На первый взгляд, неожиданно статья Мовшенсона об акробатике заканчивалась пассажем, посвященным клоунаде. Но это весьма показательно. Все деятели театра, обращавшиеся к цирковому искусству, всегда строго разграничивали — акробатику и клоунаду. Вообще, циркизация театра имела две равноправные параллельные линии — опыты в сфере актерской техники с привлечением акробатических элементов и использование в театральных спектаклях клоунской маски. Последнее было возможно только при признании исторической и эстетической связи между клоунскими и театральными масками. «Существует, однако, связующее звено у цирка с театром — это клоун, рыжий <…>. Но на мой взгляд клоун скорее явление порядка театрального, нежели циркового»[195]. Таким образом статья А. Г. Мовшенсона обозначила ключевые проблемы еще только начинавшейся циркизации театра.

Затем одна за другой в «Жизни искусства» появились две статьи К. Н. Державина. В его посылках отчетливо просматривается движение в русле мейерхольдовских установок.

Первая статья посвящена проблеме актера. Сразу выдвинут тезис о принципиальном различии цирка и театра: «Искусство театра и искусство цирка далеки друг от друга и, главным образом, по формам и технике, им свойственным»[196]. Во второй статье: «Наш цирк и наш театр <…> — вполне антагонистичны друг другу»[197].

Анализируя различия, Державин пишет: «Искусство цирка следует оценивать как чисто демонстративное искусство, склонное к тому же к отдельным, расчлененным номерам á la варьете»[198]. Под «демонстративностью», очевидно, понимается та особенность цирка, при которой любой цирковой номер непременно определенным образом подается, благодаря чему любое сальто из разряда спортивной акробатики переводится в сферу искусства. Развивая эту мысль, можно сказать, что искусство цирка — это и есть искусство демонстрации. Однако сам Державин более склонен подходить к цирку с театральными мерками. Такой подход во многом предопределяет выводы, которые арифметически складываются не в пользу цирка. Точнее — цирк в статье Державина приобретает вид примитивного, недоразвитого театра. «Результат циркового представления — ряд слагаемых без суммы; театрального представления — идеально построенная задача, возведенная в степень»[199]. Склонность цирка к демонстрации, а цирковой публики — к разглядыванию воспринимаются Державиным негативно. Так позиция Державина неожиданно сближается со взглядами Мовшенсона: ведь, по сути, идеально построенная задача — всего лишь параллель к возвышенному сновидению. Главное и там, и там — базовое деление цирка и театра на «низкое» и «высокое» искусство.

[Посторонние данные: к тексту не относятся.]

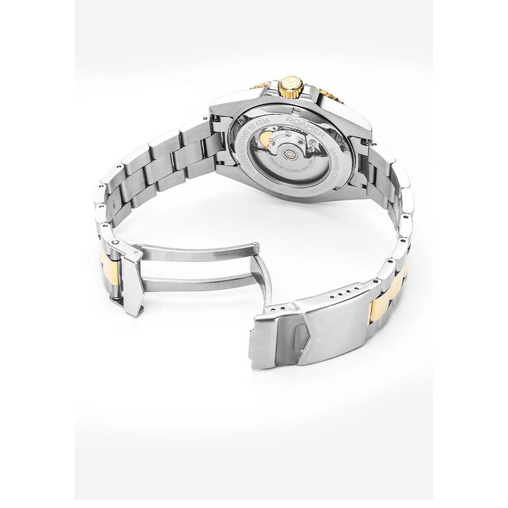 Męski zegarek Roamer Premier 986983478520 składa się z 42-milimetrowej koperty wykonanej ze stali nierdzewnej klasy 316L. Obudowa w kolorze srebrno-złotym uszczelniona została do 100 metrów. Odporność do 10 atmosfer zapewnia bezpieczeństwo mechanizmowi w czasie pływania. Po prawej stronie czasomierza tradycyjnie umieszczono koronkę. Jest ona zakręcana, co znacznie zwiększa odporność obudowy na wodę. Na rewersie zegarka Roamer wykorzystany został, zakręcany dekiel, który dopełnia szczelność całej konstrukcji. Środkowa część dekla to transparentne okno, które pozwala podziwiać prace mechanizmu. W obudowie zegarka Premier 986983 47 85 20 umieszczony został mechanizm automatyczny Soprod 24 napędzany ruchem nadgarstka swojego właściciela. Mechanizm szwajcarski Soprod posiada rezerwę chodu do 38 godzin, która pozwoli na chwilową przerwę w użytkowaniu czasomierza Roamer bez obawy o zatrzymanie jego pracy. Producent swój zegarek zestawił z bransoletą stalową bicolor, która posiada bezpieczne i komfortowe zapięcie motylkowe.

Несмотря на высокомерное отношение к цирку как искусству, Державин, вслед за Мейерхольдом, призывает театральных актеров к овладению цирковой техникой: «“Циркачи” обладают прекрасной техникой движения и вполне достойны обучать ей наших актеров», — и заканчивает статью высоким слогом: «Цирк таит в себе много свежей и юной бодрости, и перед актером, который возьмет его к себе в учителя, откроются пути в новые, чудные страны»[200].

Есть видимое противоречие между «заданным» превосходством театра и призывом учиться у «низкого» цирка. Оно возникает от того, что цирковая техника видится аналогом техники средневекового гистриона или актера комедии дель арте. Однако любая подмена в искусстве неплодотворна. Поэтому неудивительно, что традиционалистское мышление, открывшее для театра цирк, именно «с цирком» зашло в тупик. И уже в совсем недалеком будущем новые художественные течения, уходящие своими корнями в футуризм, отметающие саму идею «высокого» и «низкого», потеснят традиционализм, открывая все новые и новые возможности использования в театральном спектакле цирковых элементов. На этот раз как собственно цирковых.

Находясь в рамках традиционалистского мышления, Державин не мог усмотреть реальной художественной перспективы заимствования театром у цирка чего-либо кроме акробатической техники. Номерная структура, подлинное преодоление трудности, клоунада как средство стирания границ между актером и ролью буквально взорвут театральное искусство в спектаклях левых режиссеров. Державин же считает, что, сближая цирк и театр, «можно только подсказать тот или иной трюк и скомбинировать ряд шуток так, чтобы выявить каждую с наивыгоднейшей стороны»[201]. И в финале статьи: «Там, где встает задача слияния двух стилей игры — цирка и театра, — это таит в себе непустяшное поражение»[202].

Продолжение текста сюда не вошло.